Это объясненіе было принято довольно снисходительно и Джэкъ, передавъ груму поводья своей лошади, приготовился помочь Филиппѣ сѣсть на коня.

Она весело засмѣялась, поставила ножку на его руку и въ слѣдующее мгновеніе была уже въ сѣдлѣ. Затѣмъ собрала поводья и ударила лошадь хлыстомъ, отчего та завертѣлась на мѣстѣ.

— Готова ты, Филь? — спросилъ лордъ Дольчестеръ, только вскочившій на коня.

— Да, да, сэръ, — и они помчались по аллеѣ, возбуждая удивленіе въ грумахъ своимъ искусствомъ.

— Рѣдкая парочка, — сказалъ одинъ грумъ другому.

— Да, лучше не найдешь во всемъ округѣ, — и они со смѣхомъ ушли въ домъ.

Тотчасъ за воротами парка, миссъ Гаркнессъ и ея милый встрѣтили профессора Бранкеля. Сердце Филиппы дрогнуло, когда она встрѣтилась съ его огненными глазами.

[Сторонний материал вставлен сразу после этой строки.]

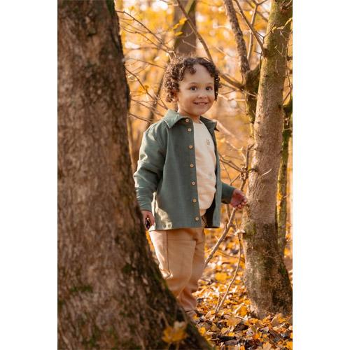 Dit zachte, warme corduroy overhemd in de kleur Night Green is de perfecte keuze voor elke kleine gentleman met een avontuurlijke kant.

— Добраго утра, миссъ Гаркнессъ, — сказалъ профессоръ, — вы уже принялись за свое любимое занятіе. Я къ сэру Гильберту.

— Вы найдете его въ библіотекѣ, — сказала Филиппа, холодно кивнувъ головой, тогда какъ Дольчестеръ ограничился короткимъ «здравствуйте».

Профессоръ съ усмѣшкой смотрѣлъ, какъ они ѣхали смѣясь и распѣвая, и чувство зависти въ ихъ счастью, смутивши сатану при видѣ Адама и Евы, шевельнулось въ его сердцѣ.

О, Адъ, какое горькое зрѣлище для моихъ глазъ!

Чувство это, впрочемъ, быстро разсѣялось и, пожавъ плечами, онъ пошелъ дальше.

Его немедленно впустили въ библіотеку, владѣлецъ которой нетерпѣливо дожидался его прихода.

— А, профессоръ! — сказалъ онъ, горячо пожавъ ему руку. — Добро пожаловать, я желалъ бы выяснить одинъ темный пунктъ; но сначала долженъ показать вамъ мое сокровище.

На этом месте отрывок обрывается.